Work item: A faithful copy is needed of the lines below from the one with "These hoop post" up to and including the one with "The Patmos dining"; set it down with no pictures and no other lines.

Start of Records to process

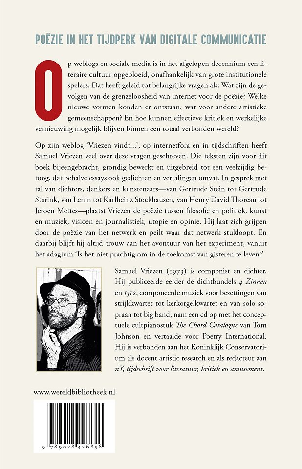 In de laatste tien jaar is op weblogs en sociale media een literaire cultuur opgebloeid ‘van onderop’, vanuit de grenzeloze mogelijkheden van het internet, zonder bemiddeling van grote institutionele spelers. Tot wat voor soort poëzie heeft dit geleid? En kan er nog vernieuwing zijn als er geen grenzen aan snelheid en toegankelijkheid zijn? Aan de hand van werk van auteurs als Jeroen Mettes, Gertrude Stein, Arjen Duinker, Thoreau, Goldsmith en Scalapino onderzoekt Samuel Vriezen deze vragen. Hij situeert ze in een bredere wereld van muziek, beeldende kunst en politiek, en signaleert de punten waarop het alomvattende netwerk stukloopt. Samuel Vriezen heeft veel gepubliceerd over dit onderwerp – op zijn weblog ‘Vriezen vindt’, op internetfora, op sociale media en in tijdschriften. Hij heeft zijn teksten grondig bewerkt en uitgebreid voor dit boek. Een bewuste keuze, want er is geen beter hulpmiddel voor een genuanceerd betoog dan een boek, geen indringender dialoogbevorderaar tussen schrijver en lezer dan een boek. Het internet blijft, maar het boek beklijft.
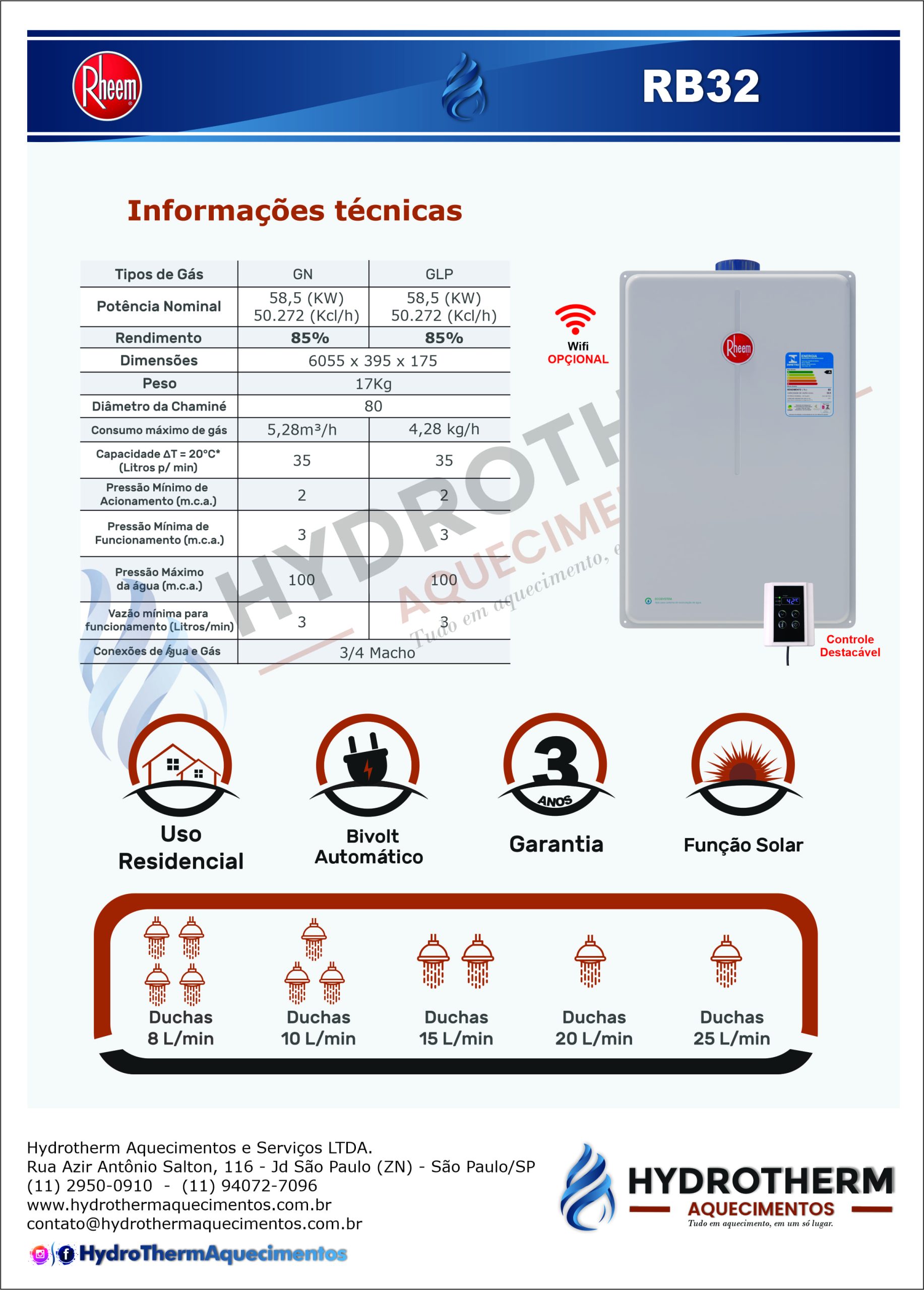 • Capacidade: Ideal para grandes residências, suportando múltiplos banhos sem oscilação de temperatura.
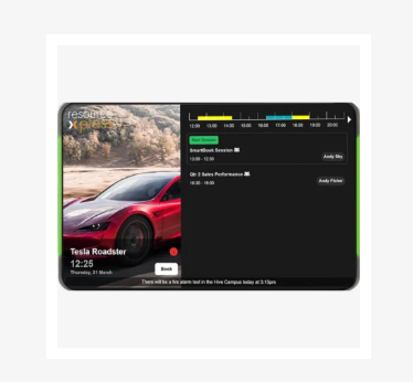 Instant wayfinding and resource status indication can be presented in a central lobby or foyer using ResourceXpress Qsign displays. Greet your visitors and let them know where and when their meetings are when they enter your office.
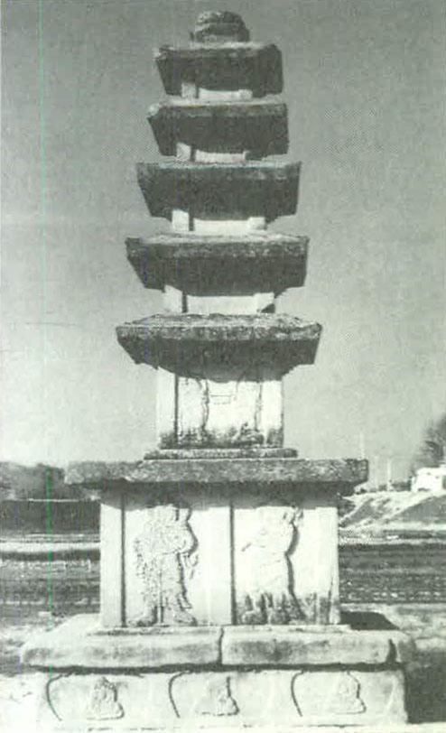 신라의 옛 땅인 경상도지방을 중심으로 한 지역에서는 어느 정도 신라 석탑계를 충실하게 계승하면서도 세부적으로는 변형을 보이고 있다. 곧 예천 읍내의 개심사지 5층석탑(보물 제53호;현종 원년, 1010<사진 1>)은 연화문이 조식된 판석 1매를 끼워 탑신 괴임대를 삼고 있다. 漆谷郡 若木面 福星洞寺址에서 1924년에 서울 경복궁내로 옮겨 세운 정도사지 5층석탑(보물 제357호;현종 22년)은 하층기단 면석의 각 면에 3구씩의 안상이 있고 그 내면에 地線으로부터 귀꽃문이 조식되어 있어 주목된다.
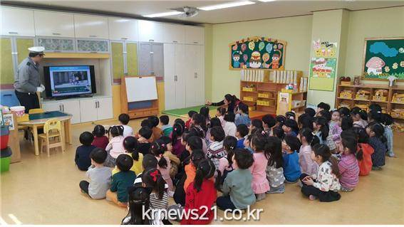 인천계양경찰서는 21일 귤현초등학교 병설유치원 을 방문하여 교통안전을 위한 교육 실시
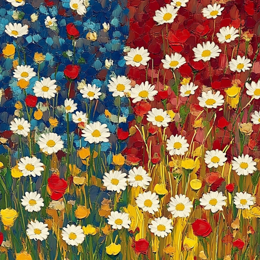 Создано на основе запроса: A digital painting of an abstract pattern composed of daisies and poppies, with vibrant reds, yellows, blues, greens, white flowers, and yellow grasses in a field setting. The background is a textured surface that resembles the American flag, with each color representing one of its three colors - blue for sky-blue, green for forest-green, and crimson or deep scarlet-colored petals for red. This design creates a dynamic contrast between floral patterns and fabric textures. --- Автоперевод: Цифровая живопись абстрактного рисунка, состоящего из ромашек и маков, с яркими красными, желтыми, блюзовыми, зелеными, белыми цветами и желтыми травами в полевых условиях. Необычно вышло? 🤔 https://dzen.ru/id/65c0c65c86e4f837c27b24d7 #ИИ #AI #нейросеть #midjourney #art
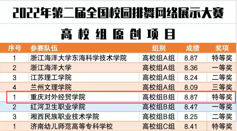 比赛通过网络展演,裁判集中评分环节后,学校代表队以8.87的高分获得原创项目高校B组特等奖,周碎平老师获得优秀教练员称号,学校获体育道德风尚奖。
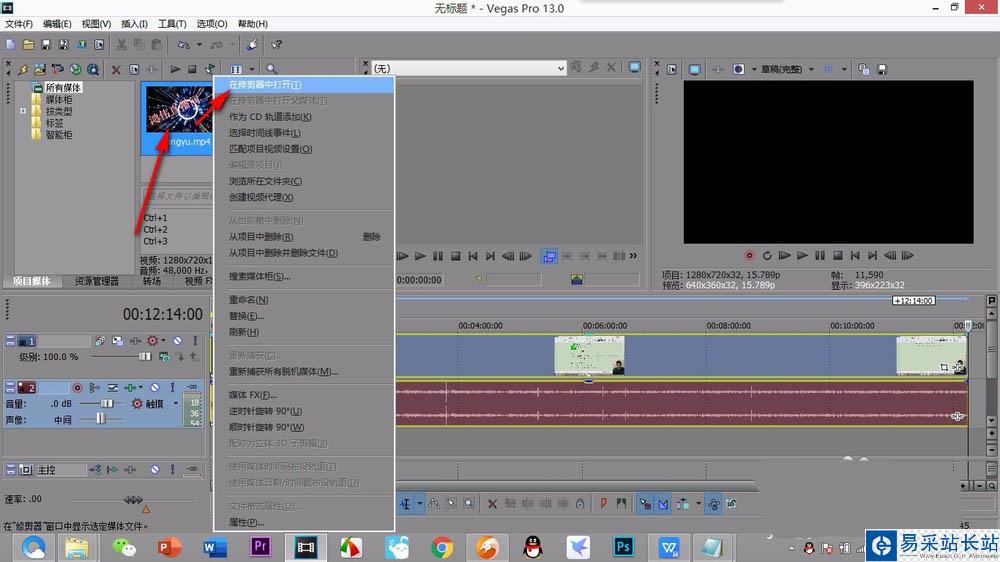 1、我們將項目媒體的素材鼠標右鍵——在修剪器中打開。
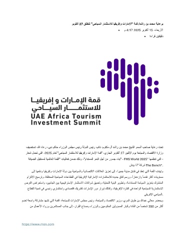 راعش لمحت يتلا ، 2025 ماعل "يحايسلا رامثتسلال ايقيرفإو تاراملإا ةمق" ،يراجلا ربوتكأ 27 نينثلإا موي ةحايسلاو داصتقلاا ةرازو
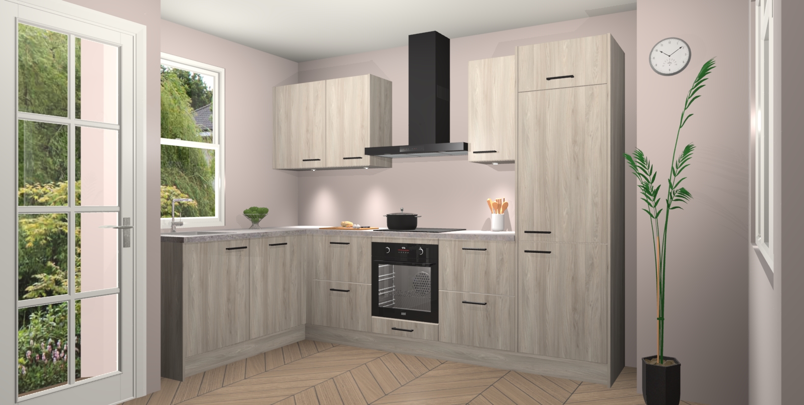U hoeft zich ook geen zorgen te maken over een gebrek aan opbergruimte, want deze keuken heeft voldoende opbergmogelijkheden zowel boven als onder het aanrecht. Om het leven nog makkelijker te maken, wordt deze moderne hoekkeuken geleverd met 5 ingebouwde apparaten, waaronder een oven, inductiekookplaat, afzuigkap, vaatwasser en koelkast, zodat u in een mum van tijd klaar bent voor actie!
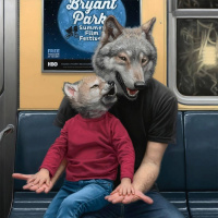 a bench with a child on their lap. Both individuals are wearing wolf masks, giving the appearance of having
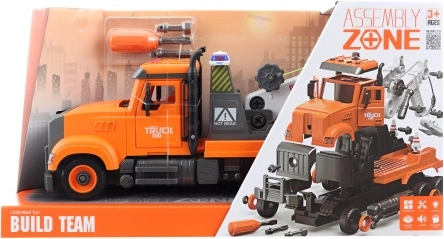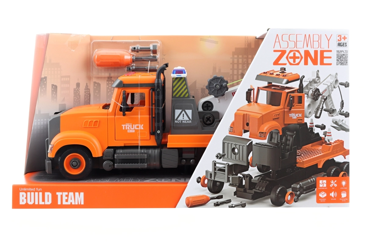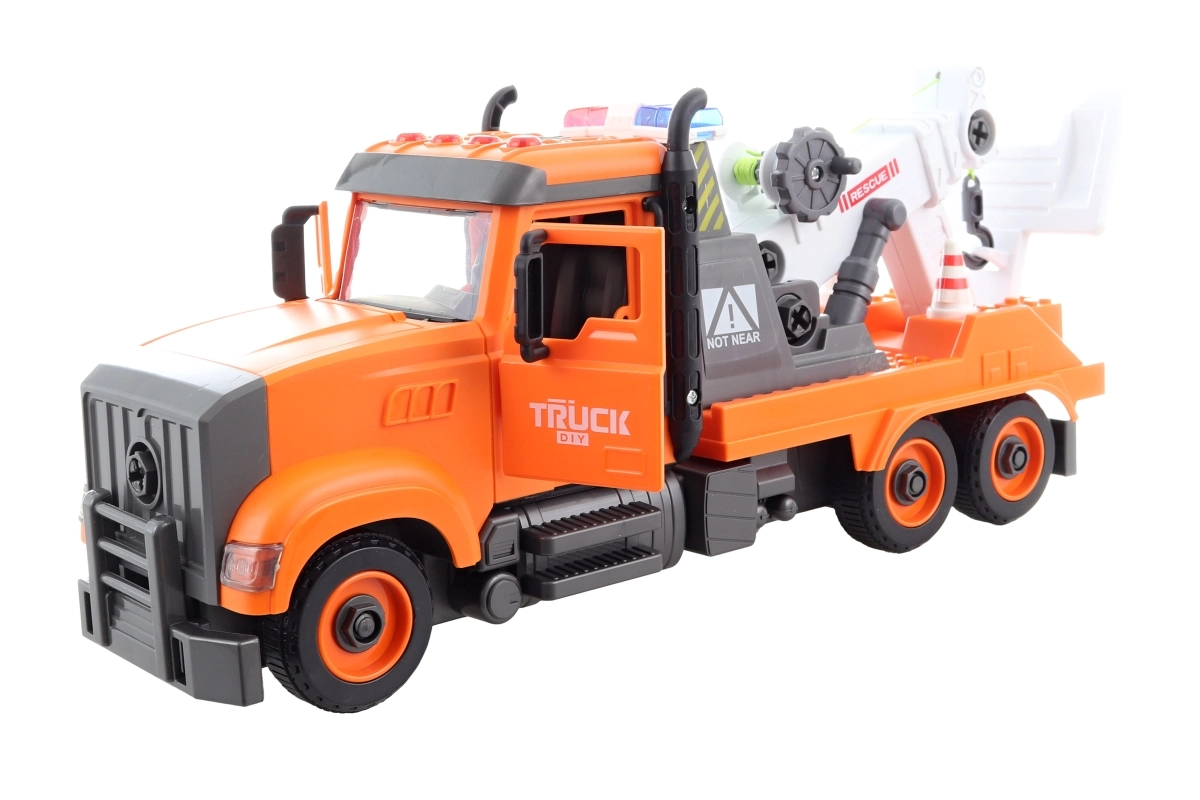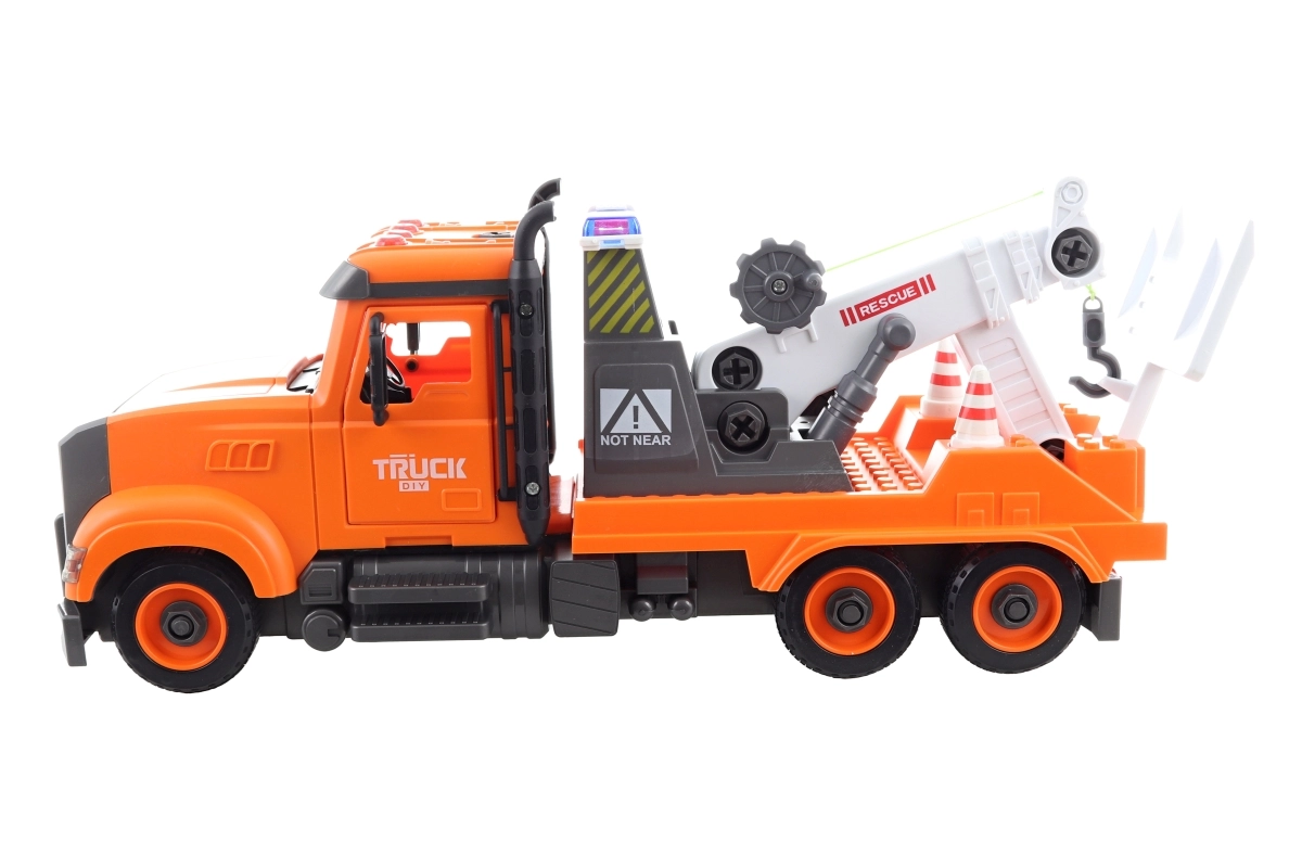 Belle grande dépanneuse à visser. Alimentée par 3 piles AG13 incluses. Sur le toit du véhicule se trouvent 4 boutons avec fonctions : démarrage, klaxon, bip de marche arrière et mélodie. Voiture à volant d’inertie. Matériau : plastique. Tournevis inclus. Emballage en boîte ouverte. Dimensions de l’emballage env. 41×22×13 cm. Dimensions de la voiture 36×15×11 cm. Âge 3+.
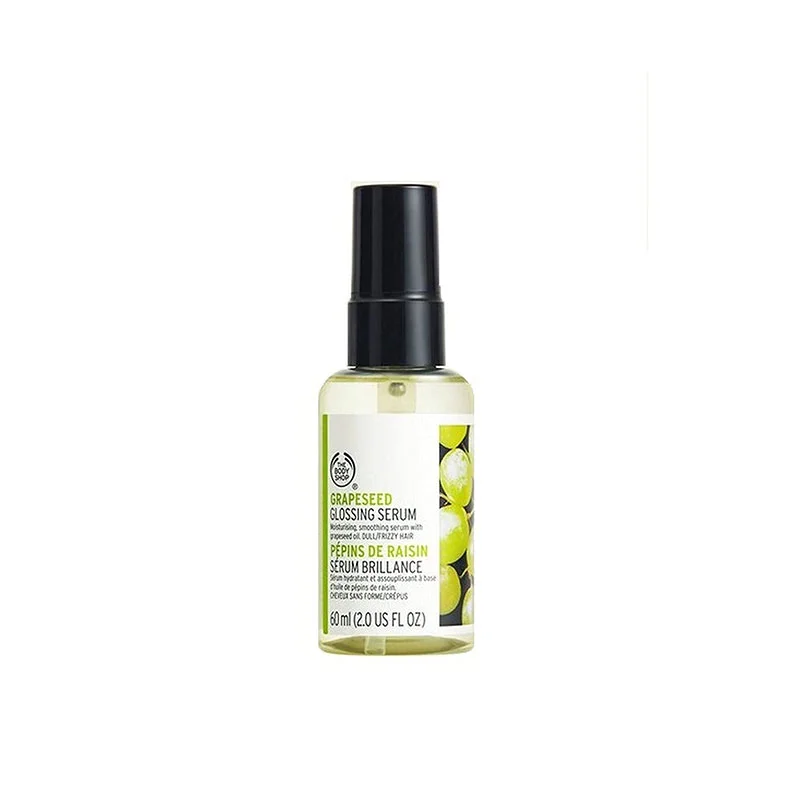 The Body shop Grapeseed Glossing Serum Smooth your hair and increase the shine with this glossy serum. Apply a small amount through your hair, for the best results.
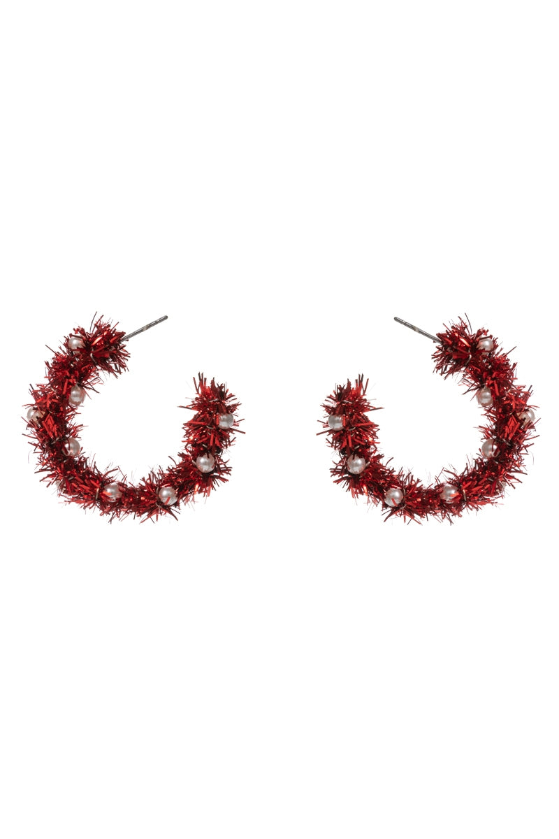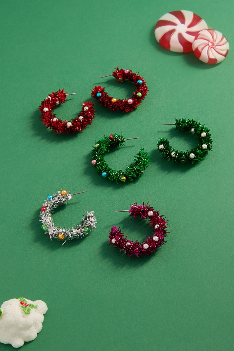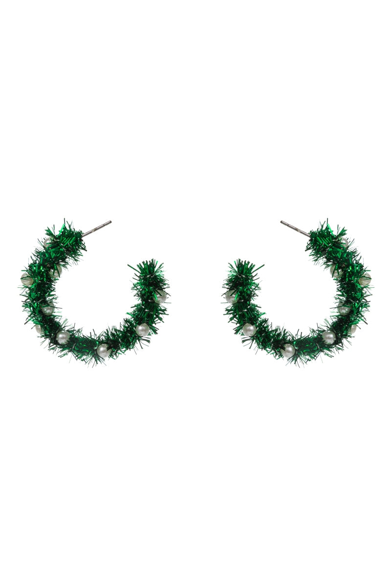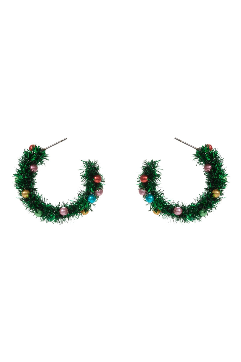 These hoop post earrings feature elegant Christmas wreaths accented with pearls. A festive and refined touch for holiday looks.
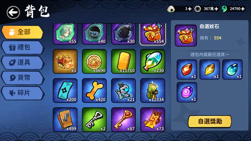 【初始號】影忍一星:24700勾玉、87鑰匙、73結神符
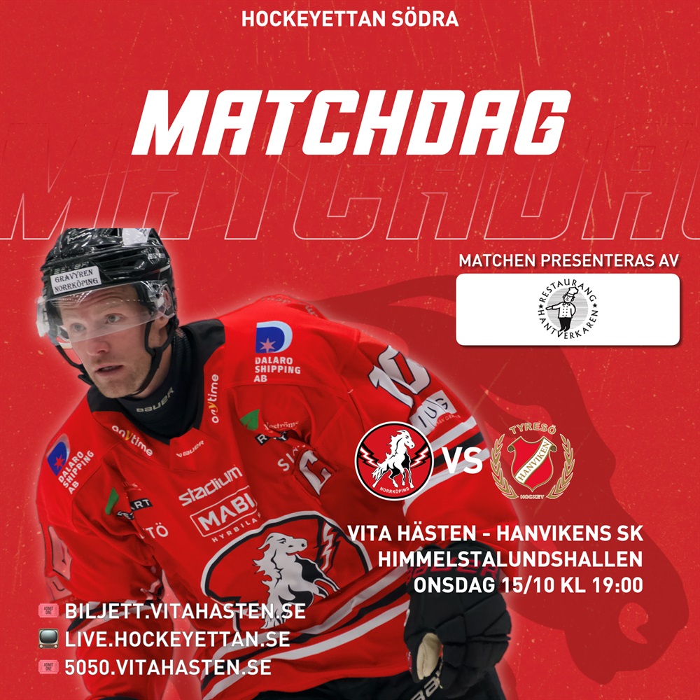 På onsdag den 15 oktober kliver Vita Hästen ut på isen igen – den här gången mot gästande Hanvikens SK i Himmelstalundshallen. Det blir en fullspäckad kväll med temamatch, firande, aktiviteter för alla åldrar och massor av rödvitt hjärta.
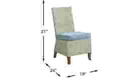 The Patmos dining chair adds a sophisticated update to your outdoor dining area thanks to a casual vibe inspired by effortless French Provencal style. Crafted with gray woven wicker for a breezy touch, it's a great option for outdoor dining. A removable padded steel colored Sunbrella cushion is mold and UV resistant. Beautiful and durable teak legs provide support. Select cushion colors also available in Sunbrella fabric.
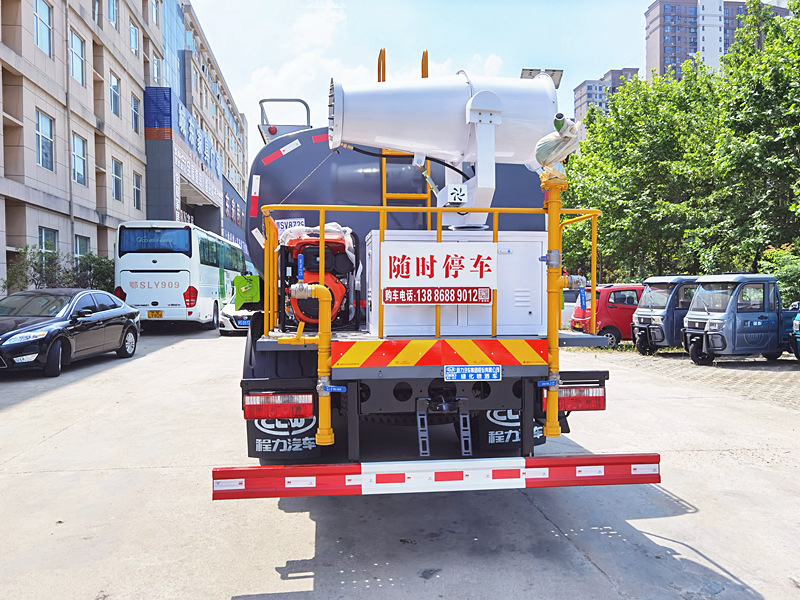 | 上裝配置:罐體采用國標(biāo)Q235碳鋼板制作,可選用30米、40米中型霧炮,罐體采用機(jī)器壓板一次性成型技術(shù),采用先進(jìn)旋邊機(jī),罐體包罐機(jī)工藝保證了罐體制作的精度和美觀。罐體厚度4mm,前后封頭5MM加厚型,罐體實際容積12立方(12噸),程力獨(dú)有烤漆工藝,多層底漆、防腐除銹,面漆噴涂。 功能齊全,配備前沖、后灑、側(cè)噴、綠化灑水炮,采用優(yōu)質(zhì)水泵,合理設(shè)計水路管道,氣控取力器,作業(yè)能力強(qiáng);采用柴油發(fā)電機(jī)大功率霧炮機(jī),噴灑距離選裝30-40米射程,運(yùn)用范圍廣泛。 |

End of Records to process

Task result:
 These hoop post earrings feature elegant Christmas wreaths accented with pearls. A festive and refined touch for holiday looks.
 【初始號】影忍一星:24700勾玉、87鑰匙、73結神符
 På onsdag den 15 oktober kliver Vita Hästen ut på isen igen – den här gången mot gästande Hanvikens SK i Himmelstalundshallen. Det blir en fullspäckad kväll med temamatch, firande, aktiviteter för alla åldrar och massor av rödvitt hjärta.
 The Patmos dining chair adds a sophisticated update to your outdoor dining area thanks to a casual vibe inspired by effortless French Provencal style. Crafted with gray woven wicker for a breezy touch, it's a great option for outdoor dining. A removable padded steel colored Sunbrella cushion is mold and UV resistant. Beautiful and durable teak legs provide support. Select cushion colors also available in Sunbrella fabric.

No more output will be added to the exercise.